▶ [Brief]: Write out exactly the lines of the material below, beginning at the top and ending at the line that contains "たくさんの人が行き交うアーケードに".

▶ [Provided information]:
********

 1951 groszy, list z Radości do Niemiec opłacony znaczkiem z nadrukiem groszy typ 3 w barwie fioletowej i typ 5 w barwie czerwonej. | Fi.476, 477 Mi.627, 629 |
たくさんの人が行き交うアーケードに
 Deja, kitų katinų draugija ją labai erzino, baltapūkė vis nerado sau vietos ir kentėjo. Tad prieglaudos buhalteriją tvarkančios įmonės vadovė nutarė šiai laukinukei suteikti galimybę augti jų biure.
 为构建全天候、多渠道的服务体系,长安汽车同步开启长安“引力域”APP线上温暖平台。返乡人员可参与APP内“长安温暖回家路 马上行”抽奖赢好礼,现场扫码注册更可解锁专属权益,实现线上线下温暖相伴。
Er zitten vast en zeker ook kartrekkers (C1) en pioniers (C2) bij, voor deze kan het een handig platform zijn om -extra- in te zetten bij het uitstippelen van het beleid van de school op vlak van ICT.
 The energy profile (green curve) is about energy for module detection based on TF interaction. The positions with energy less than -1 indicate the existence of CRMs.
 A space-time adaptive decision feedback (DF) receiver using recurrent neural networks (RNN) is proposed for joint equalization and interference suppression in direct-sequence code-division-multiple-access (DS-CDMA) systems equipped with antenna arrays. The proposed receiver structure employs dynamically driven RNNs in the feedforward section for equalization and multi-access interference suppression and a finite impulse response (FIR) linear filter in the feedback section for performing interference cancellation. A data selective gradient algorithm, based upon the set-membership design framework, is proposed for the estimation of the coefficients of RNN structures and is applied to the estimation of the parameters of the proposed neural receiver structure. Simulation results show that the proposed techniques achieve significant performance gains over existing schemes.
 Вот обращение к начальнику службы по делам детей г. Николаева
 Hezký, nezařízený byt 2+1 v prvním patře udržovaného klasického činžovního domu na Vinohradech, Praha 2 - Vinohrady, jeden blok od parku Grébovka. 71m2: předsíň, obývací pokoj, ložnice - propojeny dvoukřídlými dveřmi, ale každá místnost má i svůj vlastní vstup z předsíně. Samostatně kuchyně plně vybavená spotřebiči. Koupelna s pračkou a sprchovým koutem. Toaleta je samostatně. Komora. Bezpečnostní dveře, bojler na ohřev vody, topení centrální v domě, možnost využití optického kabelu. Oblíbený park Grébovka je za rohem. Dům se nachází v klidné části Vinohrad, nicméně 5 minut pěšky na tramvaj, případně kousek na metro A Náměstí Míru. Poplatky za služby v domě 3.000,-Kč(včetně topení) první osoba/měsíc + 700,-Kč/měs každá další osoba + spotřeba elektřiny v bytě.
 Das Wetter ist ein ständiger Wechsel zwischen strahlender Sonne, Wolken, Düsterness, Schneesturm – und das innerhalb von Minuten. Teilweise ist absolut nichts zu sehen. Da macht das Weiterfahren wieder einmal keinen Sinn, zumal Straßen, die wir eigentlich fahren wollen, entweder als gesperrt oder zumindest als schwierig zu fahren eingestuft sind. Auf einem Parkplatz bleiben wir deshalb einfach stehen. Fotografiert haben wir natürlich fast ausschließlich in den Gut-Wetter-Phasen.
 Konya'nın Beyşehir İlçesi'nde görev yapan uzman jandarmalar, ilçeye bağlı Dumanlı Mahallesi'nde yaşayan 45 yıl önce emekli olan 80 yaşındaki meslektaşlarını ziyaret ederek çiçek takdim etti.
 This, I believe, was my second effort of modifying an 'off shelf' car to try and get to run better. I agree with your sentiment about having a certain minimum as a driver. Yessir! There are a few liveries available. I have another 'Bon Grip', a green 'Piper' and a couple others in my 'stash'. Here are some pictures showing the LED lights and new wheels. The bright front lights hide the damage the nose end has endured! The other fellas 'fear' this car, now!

********

▶ [The answer]:
 1951 groszy, list z Radości do Niemiec opłacony znaczkiem z nadrukiem groszy typ 3 w barwie fioletowej i typ 5 w barwie czerwonej. | Fi.476, 477 Mi.627, 629 |
たくさんの人が行き交うアーケードに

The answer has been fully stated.